In the last week Nicky Henderson complained about the programme for Novice Chasers, his comments culminating with the line “And that’s why there will be no chasers in three or four years time” .  A forthright summary of his comments can be found on Dan Kelly’s excellent blog here , which firstly covers the ongoing concerns about the Betfair Chase distance, then moves on to the Novice Chase programme in the context of Nicky Henderson’s comments. So leaving the programme book aside, how does the pipeline of high class horses going Novice Chasing look year by year? Using Racing Post Ratings (RPR) the number of horses rated above 145, 150, 155 and 160 is given in Table 1 below for each of the years 2008-2013 inclusive. To qualify horses must be with GB based trainers, never have run in a Chase, achieved the rating at a GB track and have run within twelve months of the end of April of each of the years considered. These filters are designed to capture high class Hurdlers that are candidates for Novice Chasing. The filters will include Hurdlers that won’t go Chasing, and excludes recruits to Novice Chasing from overseas, so the list isn’t complete. Still, these effects should be the same year on year and not affect a year on year comparison. Table 1 shows the pool of candidate horses has varied between 46 and 70 in the last six years, with no clear trend. The numbers for 2013 suggest a healthy pool of candidate horses for Novice Chasing relative to the recent past.

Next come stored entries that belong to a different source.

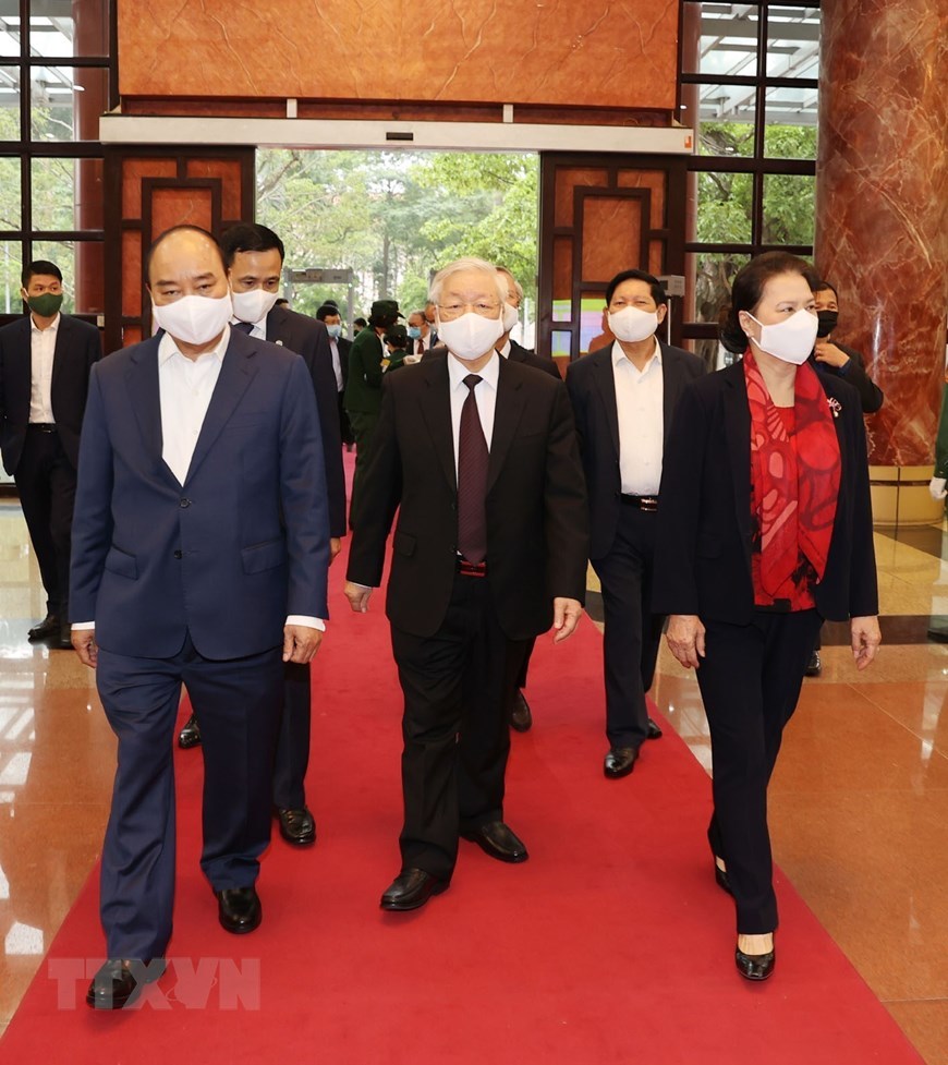 Tổng Bí thư, Chủ tịch nước Nguyễn Phú Trọng cùng các lãnh đạo Đảng, Nhà nước đến dự hội nghị. Ảnh: TTXVN |
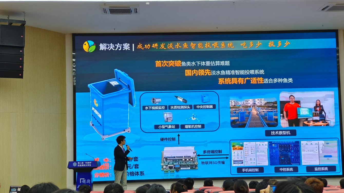 2023年6月4日,由共青团宜宾市委、中共宜宾市委人才和大学城工作局、宜宾市科学技术局、宜宾市科教产业投资集团有限公司、宜宾市学生联合会主办,西华大学宜宾校区党工委(管委会)承办的第二届“科教杯”在宜高校大学生创新创业竞赛决赛在西华大学宜宾校区举行。宜宾8所高校的16支参赛团队进入决赛,我院水产学院《大智若渔——国内首创水产养殖精准饲喂系统集成解决方案》项目在比赛中脱颖而出,荣获数字乡村和农村数字化发展类项目一等奖。
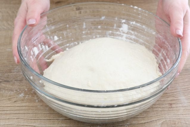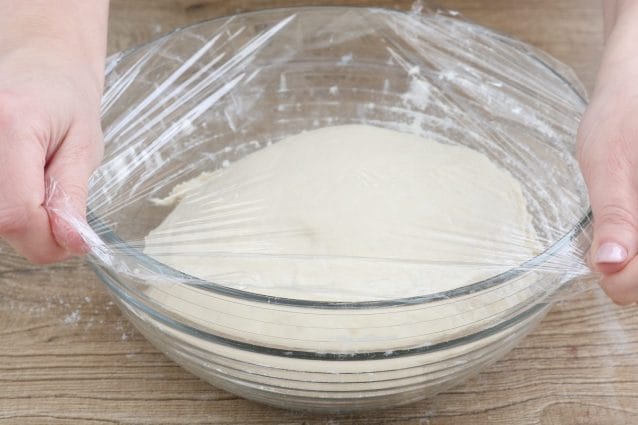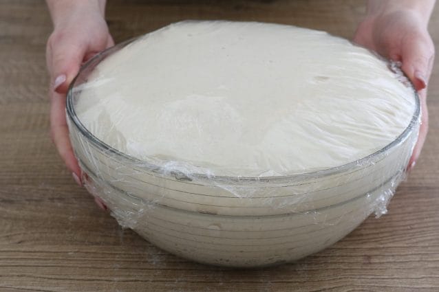 Couvrir d’un film alimentaire et laisser lever environ 3 heures, jusqu’à ce qu’il double de volume.19. Vous pouvez conserver le bol dans un endroit chaud et humide (ou au four éteint avec la lumière allumée).

Year RPR 145+ RPR 150+ RPR 155+ RPR 160+
2008 46 29 15 9
2009 70 41 23 10
2010 59 34 18 11
2011 63 38 21 13
2012 55 35 18 13
2013 64 40 22 13

Table 1: High Class Novice Chase Candidates 2008-13

Using horses rated 145+, how has the concentration of horses by training yard changed over the last six years?  Table 2 shows the number of training yards that have 1 only, 2 to 5 and at least 5 high class Novice Chase candidates. So in 2008 17 yards had one candidate. In 2013 there were 19 such yards. No real pattern exists year by year. However it is in the yards with at least one candidate that the picture has changed. In 2009 there were 11 yards with 2 to 5 candidates. By 2013 this had dropped to just four yards. The view that high class Novice Chase candidates have become increasingly concentrated at the largest training yards is borne out by the data. Table 3 shows the same information but represented by total number of horses. The number of candidates in 2013 at smaller yards is the lowest it has been in the last six years and the number in the larger yards the highest. Increasing yard concentration exists.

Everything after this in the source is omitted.